Эксклюзивно: фрагмент нового издания сочинений Давида Самойлова
В феврале усилиями издательства «ПРОЗАиК» увидит свет самое полное на сегодняшщний день собрание юмористических сочинений известного советского поэта и прозаика Давида Самойлова. В издание вошли экспромты, пародии, послания и импровизации, посвященные Самойловым известным деятелям литературы, театра и кино.
Среди адресатов — Юрий Левитанский, Борис Слуцкий, Булат Окуджава, Фазиль Искандер, Андрей Вознесенский, Евгений Евтушенко, Юрий Лотман, Зиновий Гердт, Михаил Козаков, Р.Клейнер, В.Никулин, Ю.Ким, Н.Любимов, Ю.Абызов, Б.Грибанов и другие.

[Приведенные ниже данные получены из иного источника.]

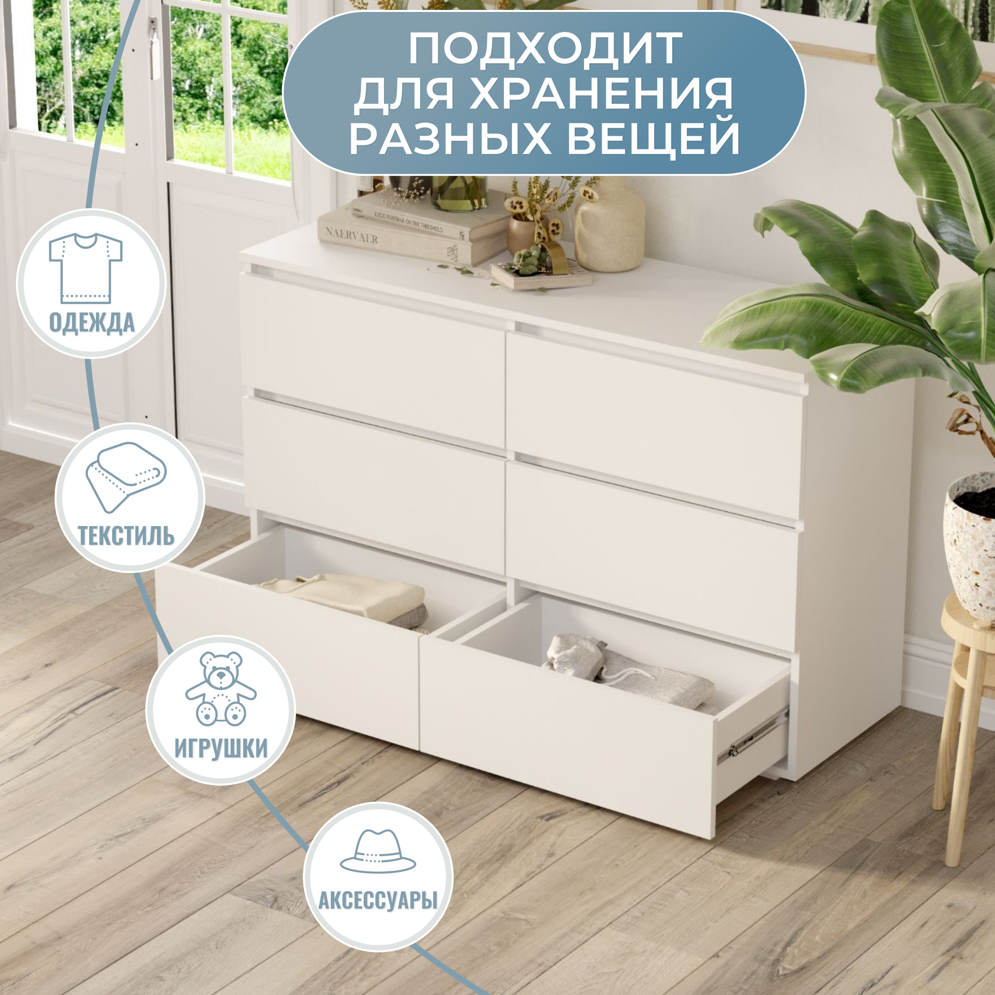 Комод A-A MEBEL "Сиэтл", 6 ящиков, 140 см х 40 см x 77 см, белый

«В кругу себя» — не для угрюмого читателя, живущего злобой дня, а для того, кто готов радостно окунуться в живописный мир самойловской фантазии, где все толпится, волнуется и искрится задорным лукавством. Во главе с самим автором: «Посмотри, как смелый Дезик гордо реет над водой». Посмотри, читатель, — и улыбнись», — напутствует читателей издатель и составитель книги Г. Медведева.
Специально для читателей портала «Новости литературы» — фрагмент из книги Давида Самойлова «В кругу себя».
Читать фрагмент книги:
Автобиография
Я родился в год Льва под созвездием Близнецов и даже под известным влиянием Юпитера. В моем гороскопе не хватало лишь Козерога, чтобы я стал общественным деятелем или реформатором пожарного дела в России. Тут сыграло, впрочем, роль и еще одно обстоятельство. С младенчества я был прозван Дезиком, а поскольку с таким именем не бывает генералов, президентов и великих путешественников, а бывают только скрипачи, вундеркинды и поэты, я избрал последнее, как не требующее труда и больших знаний.

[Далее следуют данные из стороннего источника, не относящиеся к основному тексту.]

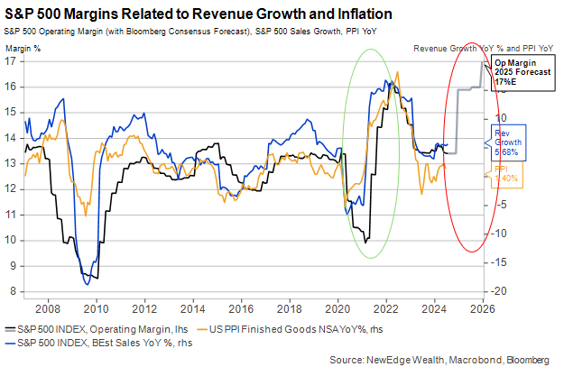 The fascinating point about this chart is seen in the red circle. The gray line represents current consensus forecasts for 2025 operating margins. Note the huge surge up to new all-time highs that is already being baked in to 2025 EPS estimates. This forecast implies that either inflation, pricing power, and revenues surge higher in order to drive margin expansion or that U.S. corporate earnings experience a meaningful surge in productivity.

Став поэтом, я начал писать стихи, чем и занимаюсь (и буду заниматься) до своей безвременной (а лучше бы своевременной) смерти, которая, к счастью, еще не наступила.
В школе я узнал, что в биографиях поэтов часто роковую роль играют женщины, и сам стал на этот путь.
Первой моей любовью были Наташа, Роза и Анечка.
Второй — другая Наташа, Наташа-Третья и Рита.
Третьей — Ира, Муся, Наташа-Четвертая и еще, кажется, Таня Циколовская, отличавшаяся особым очарованием.
Так, продвигаясь от любви к любви, я окончил школу. С детства меня как ребенка из интеллигентной семьи обучали французскому, немецкому и музыке. Имей я меньшие способности, я бы, вероятно, преуспел в этих занятиях.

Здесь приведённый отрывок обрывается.